This post walks through Python's mutable default gotcha and explores modern solutions for when the standard None workaround isn't sufficient.

The Mutable Default Gotcha

Every Python developer eventually learns about the mutable default argument gotcha. Here's what happens:

# BAD - shared mutable default
def add_item(item, items=[]):
    items.append(item)
    return items

# First call works as expected
print(add_item("a"))  # ['a']

# But the second call reveals the problem!
print(add_item("b"))  # ['a', 'b'] - wait, what?

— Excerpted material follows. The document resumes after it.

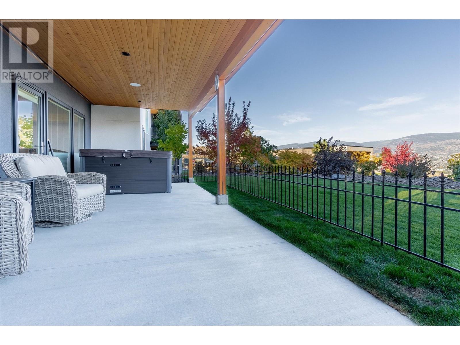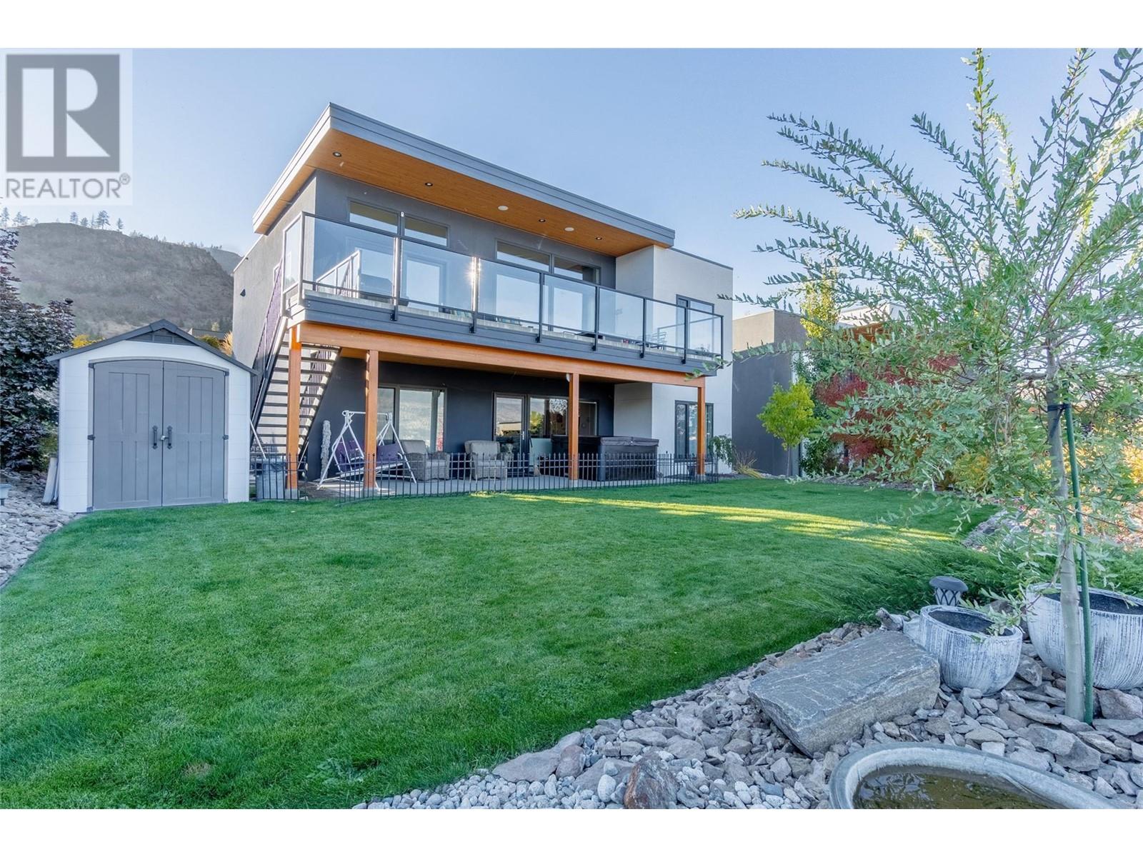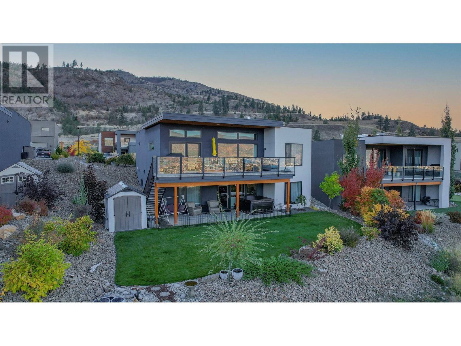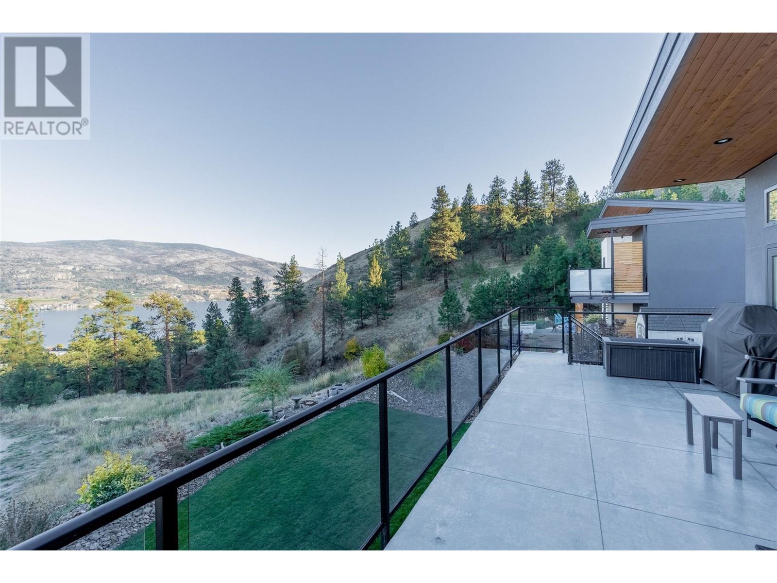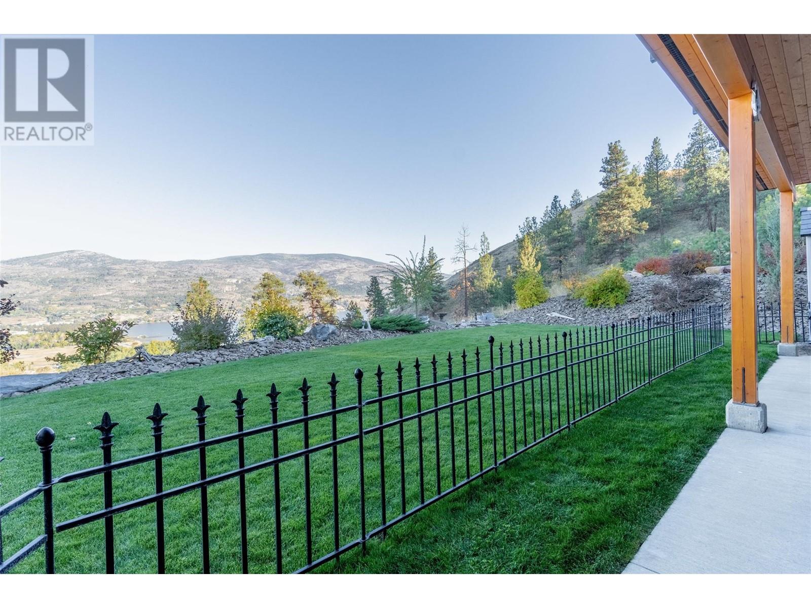 Specatular lakeview home at Skaha Hills in Penticton. This 4 bdrm, 3 bath rancher with walkout lower level has sweeping lake & mountain views. The main floor master bedroom includes a walk-in closet plus an ensuite bathroom with a luxurious shower & double sinks. The gourmet kitchen has lots of room for storage, an oversized island for prepping & entertaining people with an area for 4 bar stools. Enjoy the outside upper deck to take in the view, lots of room for patio furniture & barbeque. The lower level is the ideal space for your children and/or guests, complete with 3 bedrooms, a recreation area, games area, storage and another full bathroom. Beautifully landscaped front yard w/ built-in irrigation system, a large area outside for games on the grassed area & all can be stored in a large shed. Or chill in the Hot tub and relax after a hard day of golf or skiing. This home includes a gas fireplace in the living room, new Kitchenaid fridge, water softener, osmosis system & hot tub. MCA66 Audio kit w/ 6 speaker zones, upgraded stone work and cabinetry, upgraded glass double garage door, a $10,000 staircase added to the deck (exterior) and premium lift/slide patio door. There is also a clubhouse with a gym, entertainment area, pool, hot tub & Pickleball courts. (id:22211)

The issue is that default arguments are evaluated once when the function is defined, not each time it's called. So all calls to add_item() without providing items share the same list object!

The Standard Solution

This leads to the standard solution using None:

def add_item(item: str, items: list[str] | None = None) -> list[str]:
    if items is None:
        items = []
    items.append(item)
    return items

This works perfectly well for most cases. The list[str] | None annotation accurately represents what callers can pass, even though it looks a bit ugly and we immediately replace None with an empty list internally.

When None Has Meaning

The real trouble starts when None is a legitimate value in your domain:

  • Database ORMs where None represents NULL
  • Configuration systems where None means "inherit from parent"
  • Data processing where None means "no value provided" (different from "empty collection")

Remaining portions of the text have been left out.